Десятки вопросов сразу посыпались со стороны старых солдат, которым заслуги и долгий опыт позволяли свободное обращение со старшим.

— Поживем — увидим! — сказал сержант тоном человека, который знает больше, чем хочет сказать.

— Ну а что, в чем дело?

— Не разнуздывать лошадей ни на минуту, потому что, кто знает, с минуты на минуту мы можем понадобиться.

— Ах, вот как! Значит, собираются драться? — спросил трубач. — А с кем вот драться, мне хотелось бы знать.

— С кем? — повторил сержант вопрос, чтобы иметь время придумать ответ. — Чорт возьми, хорошенький вопрос: с кем, по-твоему, драться, как не с врагами короля?

— Это, конечно, так, но кто они — враги короля? — продолжал упрямый вопрошатель.

— Враги короля? Он не знает, кто враги короля! — и он с видом сожаления пожал плечами.

— Так это испанец враждовал с королем! Но ведь он не придет же сюда этак, исподтишка, нигде не замеченный, — вставил один из кавалеристов.

— Ба! — воскликнул другой. — Знавали мы и других врагов короля, помимо испанцев!

— Бертран говорит правильно, и я знаю, кого он имеет в виду.

— Да кого же?

— Гугенотов, — ответил Бертран. — Не надо быть чародеем, чтобы догадаться. Всему миру известно, что гугеноты взяли свою веру у немцев, а я хорошо знаю, что немцы нам враги, потому что меня частенько заставляли постреливать в них из пистолета, особенно при Сен-Кантене, где они бились, как черти.

— Все это очень хорошо, — заметил трубач, — но ведь с ними уже заключен мир, и, помнится, по этому случаю был немалый шум от праздников.

— Есть доказательство того, что они нам не враги, — ответил всадник, одетый лучше других, немолодой с виду. — Доказательство то, что в предстоящую войну с Фландрией все легкоконные отряды идут под командой Ларошфуко, а кому же не известно, какой он веры? Чорт меня побери, он гугенот с головы до ног, шпоры он носит, словно Конде, а шляпа у него надета по-гугенотски.

— Сдохни он от чумы! — воскликнул сержант. — Ты всего не знаешь, Мерлен, тебя не было в нашем полку, когда Ларошфуко командовал засадой. Мы едва все не полегли в Паутье и Роблейле. Это, ух какая хитрая бестия!

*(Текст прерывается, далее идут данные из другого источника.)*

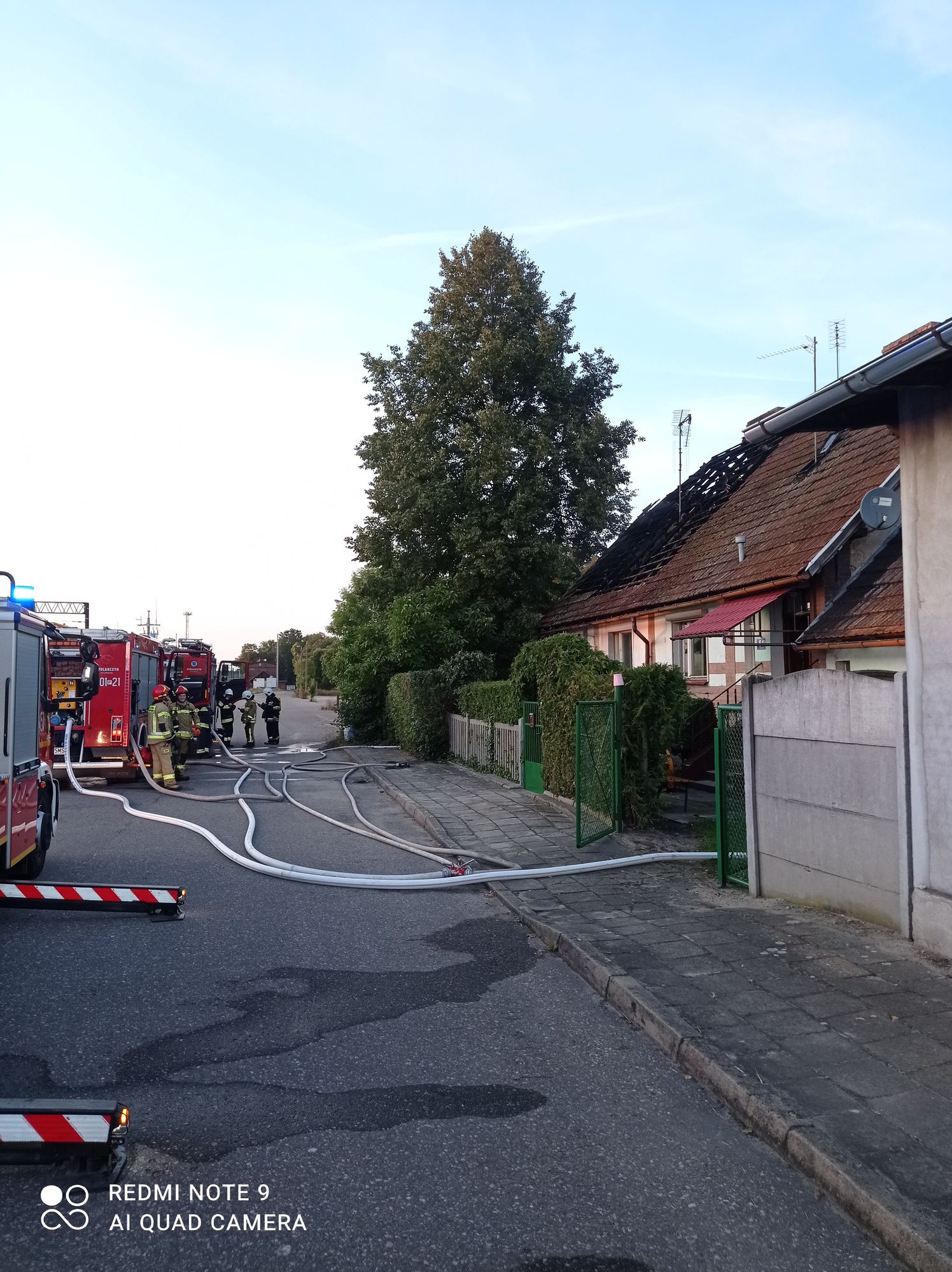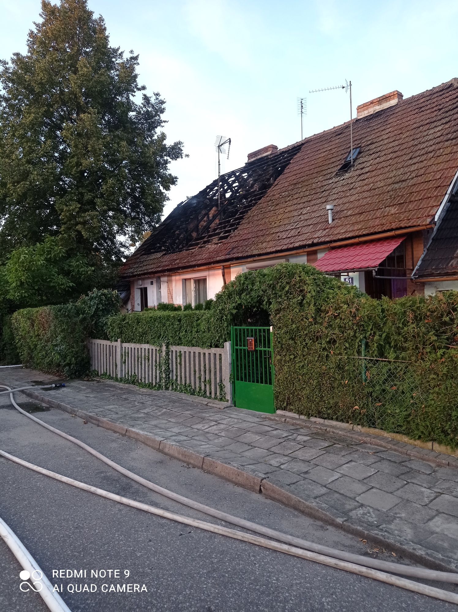 Zastana sytuacja na miejscu zdarzenia przez straż pożarną: pożarem objęte jest poddasze budynku wielorodzinnego (dym wydobywa się z dachu), osoby zamieszkałe w części objętej pożarem znajdują się na zewnątrz - brak osób poszkodowanych.

— Да ведь он же говорил, — добавил Бертран, — что рота рейтаров куда лучше, чем легкоконный эскадрон. Я уверен в том, что он сказал эти слова, так же, как в том, что сижу на руанской лошади. Я слышал это от королевского пажа.

Движение негодования охватило слушавших, но любопытство к военным приготовлениям и желание узнать, против кого принимались такие меры предосторожности, сейчас же перебили это чувство.

— Скажи, сержант, — спросил трубач, — правда ли, что вчера было покушение на короля?

— Бьюсь об заклад, что это… еретики.

— Трактирщик в гостинице «Андреевский крест», где мы вчера закусывали, — сказал Бертран, — нам сообщил, как достоверное, что они хотят переделать и перекроить всю обедню.

— Тогда не будет постных дней, — философским тоном заметил Мерлен. — Вкус малосольной свинины вместо чашки бобов, — словом, тут нечем огорчаться!

— Да, но если гугеноты будут законодательствовать, так они первым делом разобьют, как стаканы, все отряды легкой конницы и на наше место поставят своих немецких рейтарских собак.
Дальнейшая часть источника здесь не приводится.